John Crack Sha1 Hash
- John The Ripper Crack Sha1 Hash Cracker Md4 John The Ripper Crack Sha1 Hash Cracker Mac. I'm sure there's some ways around it. If you search online you'll see people claiming to be able to check against billions of hashes per second using GPUs. I wouldn't be surprised if it's possible to reach 1.
- $ john-the-ripper MD5.hash -format=Raw-SHA1-ng Using default input encoding: UTF-8 No password hashes loaded (see FAQ) $ john-the-ripper MD5.hash -format=Raw-SHA1-Axcrypt Using default input encoding: UTF-8 Loaded 1 password hash (Raw-SHA1-AxCrypt SHA1 128/128 SSE2 4x) Press 'q' or Ctrl-C to abort, almost any other key for status 0g 0:00:00.
- Cracking WPA-PSK/WPA2-PSK with John the Ripper John is able to crack WPA-PSK and WPA2-PSK passwords. Recent changes have improved performance when there are multiple hashes in the input file, that have the same SSID (the routers 'name' string).
To be able to crack the accounts we need two files from the target system:
John The Ripper Crack Hash
- /etc/passwd -> Containing the user information
- /etc/shadow -> Containing the corresponding password hashes for the users
(Again there are various ways you could grab these files – for a vey simple example using Metaspolitable 2 as the target see this post here: https://securityaspirations.com/2017/07/03/metasploitable-2-compromise-nfs-shares/)

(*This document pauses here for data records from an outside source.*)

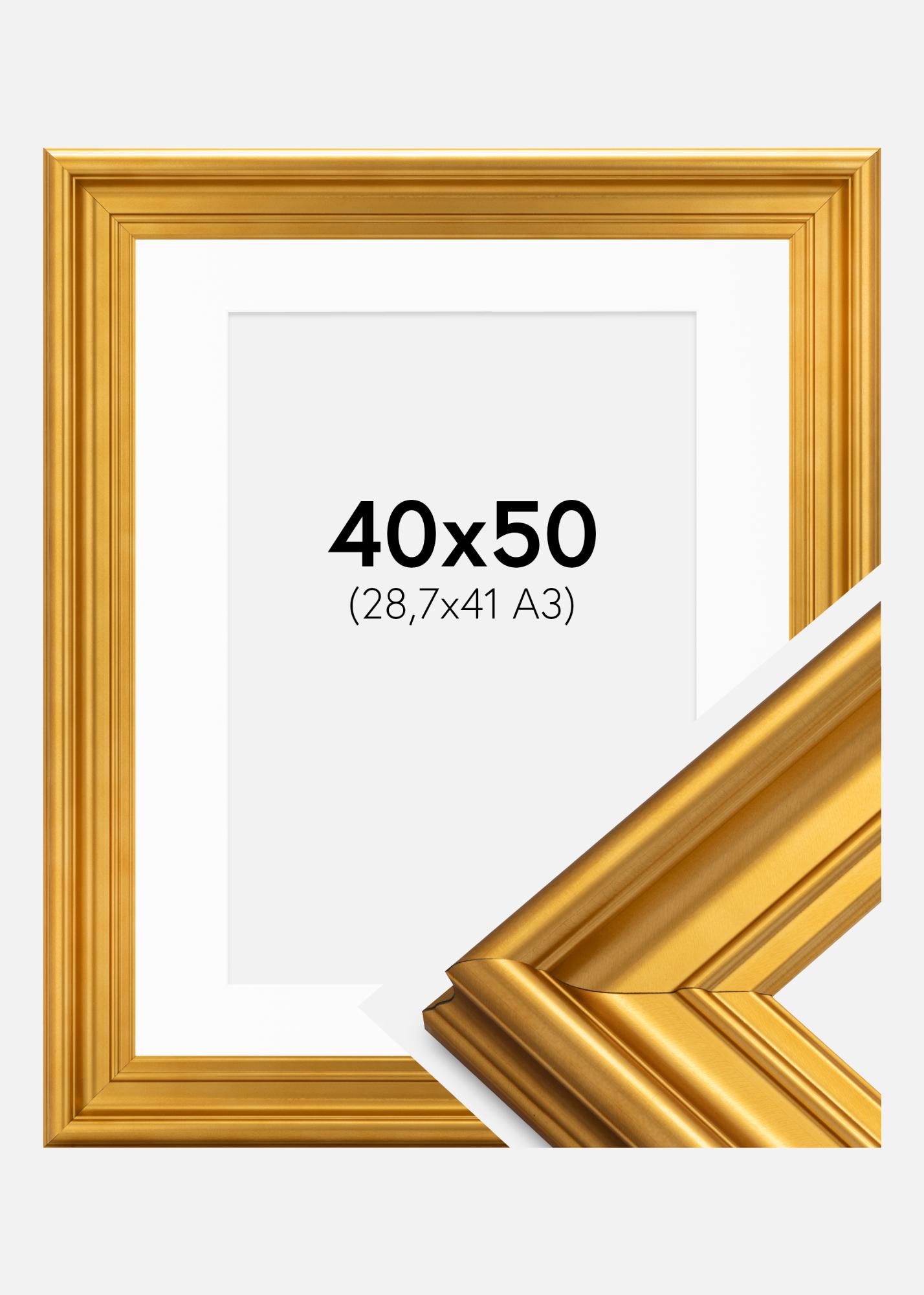 Rahmen Mora Premium Gold 40x50 cm - Passepartout Weiß 29,7x42 cm (A3)
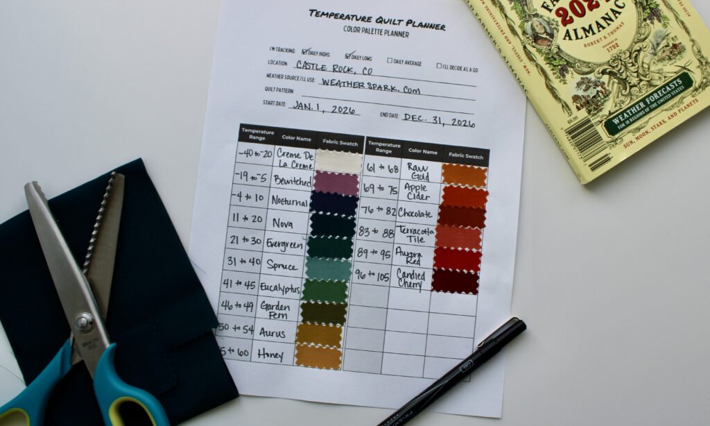 In this post, I want to walk you through how I planned my color palette, temperature key, and quilt layout, and share a free planning resource I created to make temperature quilts feel a little less intimidating and a lot more fun.
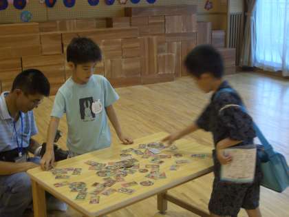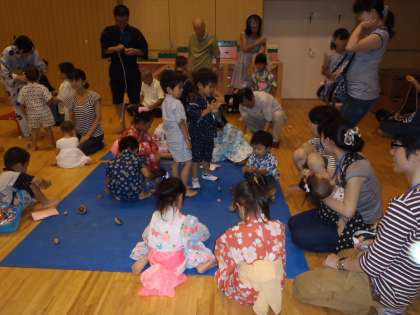 2階のお遊戯室やホールでは,みつばの森・幼稚園運営協議会による企画・運営の昔遊びが催されました。

Once you have the two files we can begin cracking them with John the Ripper.
However before we give the hashes to John, we need to combine the two files into one so that the user and the password hashes are merged. Dragon ball xenoverse 2 super soul list. We can do this with a utility called ‘Unshadow' (also included in Kali2 by default).
- John The Ripper Crack Sha1 Hash Cracker Md4 John The Ripper Crack Sha1 Hash Cracker Mac. I'm sure there's some ways around it. If you search online you'll see people claiming to be able to check against billions of hashes per second using GPUs. I wouldn't be surprised if it's possible to reach 1.
- $ john-the-ripper MD5.hash -format=Raw-SHA1-ng Using default input encoding: UTF-8 No password hashes loaded (see FAQ) $ john-the-ripper MD5.hash -format=Raw-SHA1-Axcrypt Using default input encoding: UTF-8 Loaded 1 password hash (Raw-SHA1-AxCrypt SHA1 128/128 SSE2 4x) Press 'q' or Ctrl-C to abort, almost any other key for status 0g 0:00:00.
- Cracking WPA-PSK/WPA2-PSK with John the Ripper John is able to crack WPA-PSK and WPA2-PSK passwords. Recent changes have improved performance when there are multiple hashes in the input file, that have the same SSID (the routers 'name' string).
To be able to crack the accounts we need two files from the target system:
John The Ripper Crack Hash
- /etc/passwd -> Containing the user information
- /etc/shadow -> Containing the corresponding password hashes for the users
(Again there are various ways you could grab these files – for a vey simple example using Metaspolitable 2 as the target see this post here: https://securityaspirations.com/2017/07/03/metasploitable-2-compromise-nfs-shares/)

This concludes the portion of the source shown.